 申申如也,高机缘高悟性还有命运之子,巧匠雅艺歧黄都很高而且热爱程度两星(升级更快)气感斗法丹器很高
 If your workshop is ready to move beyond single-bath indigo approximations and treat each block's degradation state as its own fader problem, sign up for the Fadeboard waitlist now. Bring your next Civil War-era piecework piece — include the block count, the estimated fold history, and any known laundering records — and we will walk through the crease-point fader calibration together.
...
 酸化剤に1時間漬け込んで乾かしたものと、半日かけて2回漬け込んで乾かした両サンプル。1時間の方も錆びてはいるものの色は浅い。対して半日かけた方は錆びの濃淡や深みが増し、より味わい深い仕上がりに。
--
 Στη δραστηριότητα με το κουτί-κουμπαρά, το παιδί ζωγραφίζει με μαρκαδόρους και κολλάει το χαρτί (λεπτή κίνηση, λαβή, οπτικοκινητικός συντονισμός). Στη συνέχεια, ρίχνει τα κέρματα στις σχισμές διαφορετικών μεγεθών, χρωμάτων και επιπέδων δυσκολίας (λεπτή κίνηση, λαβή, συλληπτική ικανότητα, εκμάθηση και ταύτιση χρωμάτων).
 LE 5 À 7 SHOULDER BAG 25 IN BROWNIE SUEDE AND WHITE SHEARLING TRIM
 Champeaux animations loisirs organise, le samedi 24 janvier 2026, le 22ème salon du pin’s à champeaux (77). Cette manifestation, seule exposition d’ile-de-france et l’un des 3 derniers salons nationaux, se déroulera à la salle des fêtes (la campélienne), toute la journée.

Work task:
Beginning with the line above that contains "申申如也,高机缘高悟性还有命", copy each line exactly up to and including the line that contains "If your workshop", and go no further.

Response to the task:
 申申如也,高机缘高悟性还有命运之子,巧匠雅艺歧黄都很高而且热爱程度两星(升级更快)气感斗法丹器很高
 If your workshop is ready to move beyond single-bath indigo approximations and treat each block's degradation state as its own fader problem, sign up for the Fadeboard waitlist now. Bring your next Civil War-era piecework piece — include the block count, the estimated fold history, and any known laundering records — and we will walk through the crease-point fader calibration together.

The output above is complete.